In Our World: 14 February 2013 (dams, storytellers, energy ‘long reads’ and more)
"In Our World" relates to IIED's world of environment and development. It connects us with what’s going on in both the real world and online worlds. As we develop this new feature its content and length will vary – so do let us know what you like and don’t like about it.

From the Forests
- Global Witness says the World Bank is in denial about its contribution to logging in tropical rainforests after it ignored criticism from its own independent evaluators.
- Maya Thatcher, on the CIFOR blog, says China and Vietnam need to improve the cost-effectiveness of programmes that pay farmers who help protect forests, watersheds and other ecosystems.
- Leaked documents reveal that gas company Pluspetrol is targeting the protected Manú park in Peruvian Amazon -- a region where biodiversity 'exceeds that of any other place on Earth'
Plenty More Fish?
- The Global Ocean Commission hopes so. It launched this week, with prominent co-chairs from Costa Rica, South Africa and the UK. Fisheries scientist Callum Roberts explains why it matters. IIED researcher Essam Yassin Mohammed sets out the Commission’s main areas of focus, and asks whether it will work given that there are already more than 30 international frameworks and agreements on sustainable fisheries management alone.
Changing Climate
- Both Peru and Venezuela have declared interest in hosting next year’s COP20 climate change conference of parties to the UN climate change convention.

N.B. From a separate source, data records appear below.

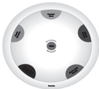
FIGURE 1.7 Exosystem

Konsep dasar ketiga exosystem ( exo yang berarti di luar), mengacu pada pengaturan di mana anak-anak tidak merupakan peserta aktif, tetapi faktor diluar mereka yang mempengaruhi perkembangan dasar seorang anak usia dini. Hal itu misalnya saja karena pekerjaan orang tua, organisasi yang diikuti orang tuanya atau juga jaringan yang diikuti oleh orang tua akan mempengaruhi anak. Dampak dari exosystems pada anak yang tidak langsung ini juga didapatkan melalui microsystems yang mereka dapatkan sebelumnya. Sebagai gambaran, ketika orang tua bekerja dalam suatu ruang lingkup pekerjaan yang selalu memakai pengaturan yang menuntut formalitas daripada diberi kesempatan berpikir secara mandiri, maka mereka mencerminkan orientasi ini dalam gaya pengasuhan mereka, dimana para orang tua cenderung untuk lebih suka mengendalikan daripada memberi kesempatan anaknya untuk berpikir secara demokrasi. Orientasi ini, pada gilirannya, mempengaruhi sosialisasi anak. Studi menunjukkan bahwa pekerjaan orang tua, pendapatan, dan kedisiplinan mempengaruhi hasil perkembangan anak.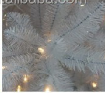
White tips (branches)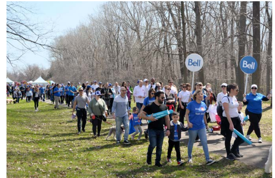
La marche annuelle de collecte de fonds Faites un pas vers les jeunes, organisée à Montréal et ailleurs au pays.

Depuis le début de cette activité en 2002, les membres de l'équipe Bell ont amassé plus de 10,9 millions $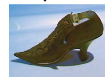
Jedním z předmětů, které se na čas přestěhovaly z Chebu do Prahy, je sřevíček Valdštejnovy manželky Izabely Kateřiny z Harrachu. Unikátní je také Valdštejnov kord. Rovněž zapůjčen z Chebu.

valdštejnské sbírky nebyly mimo Cheb dosud prezentovány. Zájem o ně přitom už projevila i muzea ze zahraničí. Pražská výstava bude vyvrcholením Roku Albrechta z Valdštejna. O Valdštejna však nebudou ochuzeni ani návštěvníci z Karlovarského kraje. Krajské muzeum připravuje v Chebu vlastní výstavní projekt Al-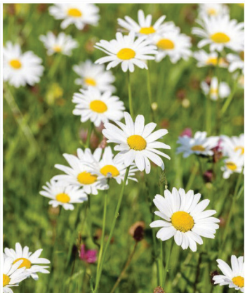
Leucanthemum ircutianum Fettwiesen-Margerite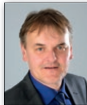
GEORG BUCHER Bürgermeister Gemeinde Bürs

Guy Edwards explains why he thinks Peru would be a better candidate.
- Meanwhile, the convention’s secretariat has announced efforts to ensure more countries benefit from its Clean Development Mechanism.
- Back in the unreal world, reports Suzanne Goldenberg, anonymous billionaires donated US$120m to more than 100 US groups working to discredit climate change science.
- President Mwai Kibaki rejected a law that would have created a Kenya Climate Change Authority (KCCA).
Spot the Environment
- Britain can no longer afford to spend its foreign aid money "maintaining the status quo" in developing countries, said overseas development minister Justine Greening. Here’s the full speech.
Evidence of Development?
- Duncan Green’s final thoughts on “The Great Evidence Debate”
Dangerous Times
- On 14 February, the Committee to Protect Journalists released Attacks on the Press: Journalism on the World's Front Lines, a yearly assessment of the state of press freedom worldwide.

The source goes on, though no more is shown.